So realistically... what do we have?

  • Nothing this packer does is necessarily lossy or destructive. As a result, there's a real chance of reconstructing a working unpacked executable statically. Granted, a 1:1 to original is probably still not doable, but we can get pretty close.

  • We should be able to replicate all of these steps - it's worth noting that figuring out this entire process required no dynamic analysis - the lack of junk code, anti disassembly macros, and obfuscation tactics made this unbelievably simple to figure out statically.

  • Since we understand the process, it stands to reason that we should be able to build out a script that can unpack a given executable. Granted with some constraints:

    • We will need to encrypt that exe key. The envelope generator randomly creates a 128 bit value to use with the dongle. As a result, all exes will be different. As a result, this will not fully remove the need for the dongle if newer executables are released.

    • We will likely want to optionally specify a pre-recorded encryption key so the dongle isn't always needed and have some kind of printout to see a generated encryption key when we do use the dongle.

    • We have a dll - we even have a 64 bit dll but the API is buggy and the vendor advises using the 32 bit version. As a result, we'll use the 32 bit vendor API dll with Python Ctypes and put legit dongle interaction in our unpacker!

    In addition to the hardcoded key and password for the dongle - the general area they reside in has some other interesting values:

Opening our original exe in CFFExplorer - some of these values start popping up:

From this, we can start to construct what exists in this area, and what values will be important to properly unpack the executable - something like:

  • OEP

  • Dongle password

  • pre Encrypted EXE Key

  • Original Image Base

  • Encrypted IAT Offset and Size

  • IDT Offset and Size

  • Original Relocation Directory


    Writing an Unpacker


Note: Code is included - follow along if desired.
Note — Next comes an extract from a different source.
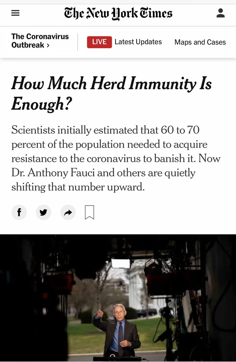 方舟子@fangshimin·Dec 24, 2020需要60-70%的人对新冠病毒有免疫力才能形成群体免疫,这是根据模型推算R0进而算出来的,模型当然可能有误,但现在福奇说需要80-90%有免疫力才能形成群体免疫,有新模型新证据吗?没有,他说是凭他的感觉,而且认为美国人可以接受更高数字了。这像是科学家说的话吗?越来越像钟南山了,除了不带货。https://pbs.twimg.com/media/EqDpZAkUcAEsIBR?format=jpg&name=medium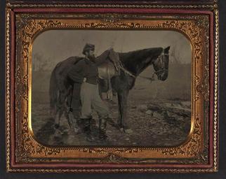 Keywords: library of congress libraryofcongress dc:identifier=http://hdl.loc.gov/loc.pnp/ppmsca.27549 dc:identifier=httphdllocgovlocpnpppmsca27549 xmlns:dc=http://purl.org/dc/elements/1.1/ xmlns:dc=httppurlorgdcelements11 u.s. civil war uscivilwar american civil war americancivilwar the civil war thecivilwar civil war civilwar war between the states warbetweenthestates united states of america unitedstatesofamerica u.s.a. usa the union theunion union the north thenorth yankee yankees soldier officer john e. cummins johnecummins john cummins johncummins cummins horse picture frame photo border [John E. Cummins of the 50th, 99th, and 185th Ohio Infantry regiments in Union uniform next to a horse] [between 1861 and 1865] 1 photograph : quarter-plate tintype, hand-colored ; 12.1 x 15.2 cm (case) Notes: Title devised by Library staff. Case: Leather grapes in vase with scroll embellishments. Cummins served as a Colonel, Lt. Colonel, and Brevet Brigadier General while with the 99th, 50th, and 185th Ohio Infantry Photo shows John E. Cummins, who enlisted at the age of 31 as a Lt. Colonel in the 99th Ohio Infantry. In December 1864 he was transferred to the 50th Ohio, and was then promoted to the rank of Colonel and transferred to the 185th Ohio in February 1865. In November 1865 Cummins was promoted to Brevet Brigadier General. He died in 1875 in Denver, Colorado. (Source: Matthew R. Gross and Elizabeth T. Lewin, 2010) Gift; Tom Liljenquist; 2010; (DLC/PP-2010:105). Published in: Horse equipment of the Civil War era. Fairfax, Virginia: SCS Publications, 2003, back cover. Subjects: Cummins, John E.,--1831-1875. United States.--Army.--Ohio Infantry Regiment, 99th (1862-1864)--People. United States.--Army.--Ohio Infantry Regiment, 50th (1862-1865)--People. United States.--Army.--Ohio Infantry Regiment, 185th (1865)--People. Soldiers--Union--1860-1870. Military uniforms--Union--1860-1870. Horses--1860-1870. United States--History--Civil War, 1861-1865--Military personnel--Union. United States--History--Civil War, 1861-1865--Animals--Union. Format: Portrait photographs--1860-1870. Tintypes--Hand-colored--1860-1870. Rights Info: No known restrictions on publication. Repository: Library of Congress, Prints and Photographs Division, Washington, D.C. 20540 USA, hdl.loc.gov/loc.pnp/pp.print Part Of: Ambrotype/Tintype filing series (Library of Congress) (DLC) 2010650518 Liljenquist Family collection (Library of Congress) (DLC) 2010650519 More information about this collection is available at hdl.loc.gov/loc.pnp/pp.lilj Persistent URL: hdl.loc.gov/loc.pnp/ppmsca.27549 Call Number: AMB/TIN no. 5043 [John E. Cummins of the 50th, 99th, and 185th Ohio Infantry regiments in Union uniform next to a horse] [between 1861 and 1865] 1 photograph : quarter-plate tintype, hand-colored ; 12.1 x 15.2 cm (case) Notes: Title devised by Library staff. Case: Leather grapes in vase with scroll embellishments. Cummins served as a Colonel, Lt. Colonel, and Brevet Brigadier General while with the 99th, 50th, and 185th Ohio Infantry Photo shows John E. Cummins, who enlisted at the age of 31 as a Lt. Colonel in the 99th Ohio Infantry. In December 1864 he was transferred to the 50th Ohio, and was then promoted to the rank of Colonel and transferred to the 185th Ohio in February 1865. In November 1865 Cummins was promoted to Brevet Brigadier General. He died in 1875 in Denver, Colorado. (Source: Matthew R. Gross and Elizabeth T. Lewin, 2010) Gift; Tom Liljenquist; 2010; (DLC/PP-2010:105). Published in: Horse equipment of the Civil War era. Fairfax, Virginia: SCS Publications, 2003, back cover. Subjects: Cummins, John E.,--1831-1875. United States.--Army.--Ohio Infantry Regiment, 99th (1862-1864)--People. United States.--Army.--Ohio Infantry Regiment, 50th (1862-1865)--People. United States.--Army.--Ohio Infantry Regiment, 185th (1865)--People. Soldiers--Union--1860-1870. Military uniforms--Union--1860-1870. Horses--1860-1870. United States--History--Civil War, 1861-1865--Military personnel--Union. United States--History--Civil War, 1861-1865--Animals--Union. Format: Portrait photographs--1860-1870. Tintypes--Hand-colored--1860-1870. Rights Info: No known restrictions on publication. Repository: Library of Congress, Prints and Photographs Division, Washington, D.C. 20540 USA, hdl.loc.gov/loc.pnp/pp.print Part Of: Ambrotype/Tintype filing series (Library of Congress) (DLC) 2010650518 Liljenquist Family collection (Library of Congress) (DLC) 2010650519 More information about this collection is available at hdl.loc.gov/loc.pnp/pp.lilj Persistent URL: hdl.loc.gov/loc.pnp/ppmsca.27549 Call Number: AMB/TIN no. 5043 |

To make this whole process a lot easier, we will be using a couple Py3 Modules:

The PEfile module is fantastic for working on pe files or automating these kind of tasks! We're using a pure py3 implementation of Rijndael as that's what the packer uses to encrypt and decrypt blocks of code.

Step 1 - Load the Senselock Data Block

The first order of business is to load the PE file and dump the interesting values from the data block, something like:

Note that we can derive the EXE key if the dongle is available using a minimal binding I created against "LC.dll" (pylc). The password and developer ID can be read directly from the executable. As a result, no additional configuration is required.

Refer to "lcsh.py" for more information.

Step 2 - Decrypt all CODE sections in place.

Next, we have to iterate each section and determine if it is executable. We can do this by checking each section for the "IMAGE_SCN_MEM_EXECUTE" flag. If so, we decrypt the section using Rijndael and our EXE key.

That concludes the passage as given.